Install apptainer from here
git clone https://github.com/robot-perception-group/SmartMocap.git
cd SmartMocap
apptainer build --sandbox ./smartmocap_apptainer apptainer.def
apptainer shell --nv ./smartmocap_apptainer
poetry install
Download the dataset you want to use and extract the tar file.
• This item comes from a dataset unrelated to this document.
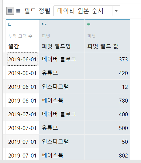네이버 블로그 부터 유튜브 열까지 행으로 변환해보겠습니다.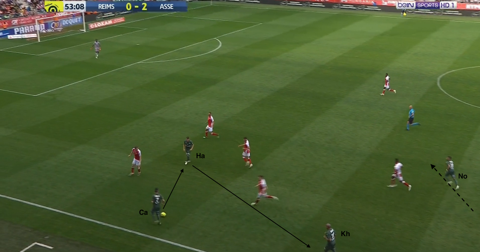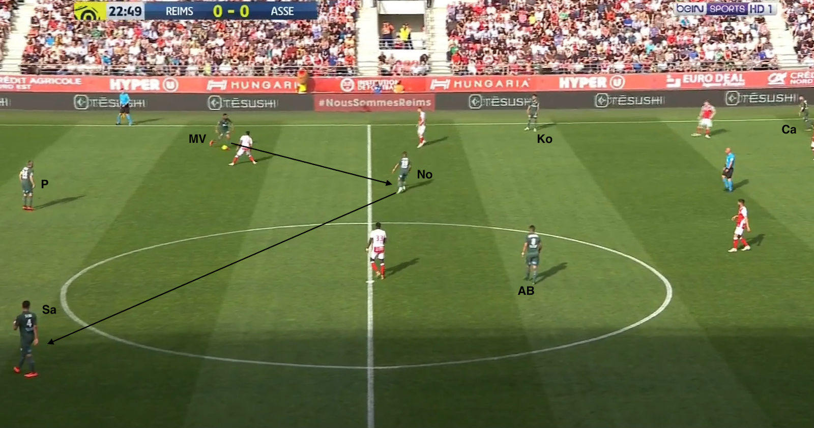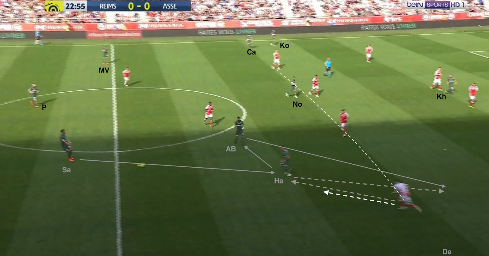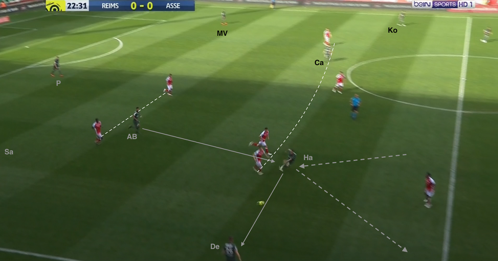 Aït Bennasser demande le ballon et M'Vila et Saliba font aussi des grands signes - ce qu'il faut faire est évident. Et les Verts le font proprement, Debuchy est lancé dans le couloir droit :

Download the MOP pretrained checkpoint file here
Download SMPL models from https://smpl.is.tue.mpg.de/
Download VPoser model v2.0 from https://smpl-x.is.tue.mpg.de/
All the hyperparameters and paths need to be set in the file src/mcms/fitting_scripts/fit_config.yml
. Descriptions are in the file itself.
For quicker execution on a particular dataset, we provide config for each dataset. You still need to set the paths (e.g. dataset path) in these files.
- SmartMocap data:
src/mcms/fitting_scripts/smartmocap_config.yml
- RICH data:
src/mcms/fitting_scripts/rich_config.yml
- Airpose data:
src/mcms/fitting_scripts/airpose_config.yml
Replace the content ofsrc/mcms/fitting_scripts/fit_config.yml
with the content of any desired dataset config file to run on that dataset.
apptainer shell --nv ./smartmocap_apptainer
. .venv/bin/activate
python src/mcms/fitting_scripts/fitting_in_vp_latent_multires.py name_of_the_trial
Results will be in the folder Smartmocap_logs/fittings/name_of_the_trial
.
Use the scripts src/mcms/eval_scripts/viz.py
and src/mcms/eval_scripts/viz_static.py
. Edit the data
variable in these scripts to pointing to the .npz
file generated in the logs directory above.